The history of Kettle began in 2001 when Matt Caster, Pentaho Data Integration's chief architect and creator of Kettle, was working as a BI consultant. He had the idea of writing his own ETL tool to have a better and cheaper way to transfer data from one place to another. He was looking for a different solution, something that was better than inventing ugly data warehouse solutions written in PL/SQL, VB, or Shell scripts. He spent two years doing a thorough analysis of the problem. Because he was busy all the time with his work as a consultant, he worked on this project either during the weekends or at night. After this phase, he came out with a set of analyses documents and a couple of test programs written in C. He was not fully satisfied with what he got, so by early 2003, he started looking towards Java and continued his work on the product on this platform that, in those years, was gaining more traction in the market. So by the mid of 2003, the first version of the ETL design tool named Stir (which is now called Spoon) came to life.

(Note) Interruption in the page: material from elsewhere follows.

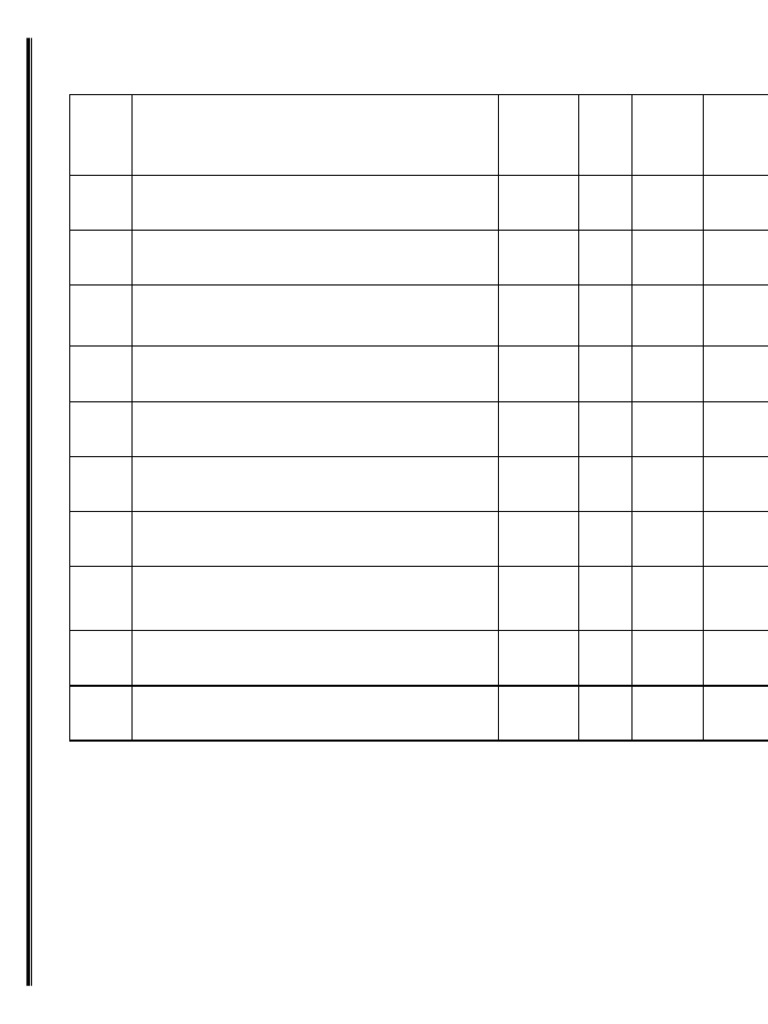 The items column 1 onwards are:

It is interesting to see a screenshot of how things were then:
Stir featured a big X on the graphical view, and the log view was not working and neither were most step dialogs; but, it is useful for you to understand what the starting point of this adventure was. A certain number of other releases came out, each with a different set of new features or bugs fixed.
In 2004, work was reasonably stable and he was able to deploy Kettle for the first time to a customer. Because of the "real-world" situation, a lot of things needed to be fixed and new features needed to be implemented. That was why, in those days, things were advancing a lot faster than they were in the first three years. It seemed that the code base grew so fast that several refactorings and code cleanings were needed. Version 2.0 was one of the last "unstructured" versions. But it was thanks to the Java expertise from companies such as ixor (Wim De Clerq especially) that Kettle survived and changed radically. They helped Matt a lot with refactoring and code reorganizations to give the application a better structure and to simplify the code. At that time, Kettle had a fairly complete first release with support for slow-changing dimensions, junk dimensions, 28 steps, and 13 database connectors.
The application that was initially closed source was open sourced in late 2005. The first version under this new licensing mode was published in December 2005, and the response from the community was massive.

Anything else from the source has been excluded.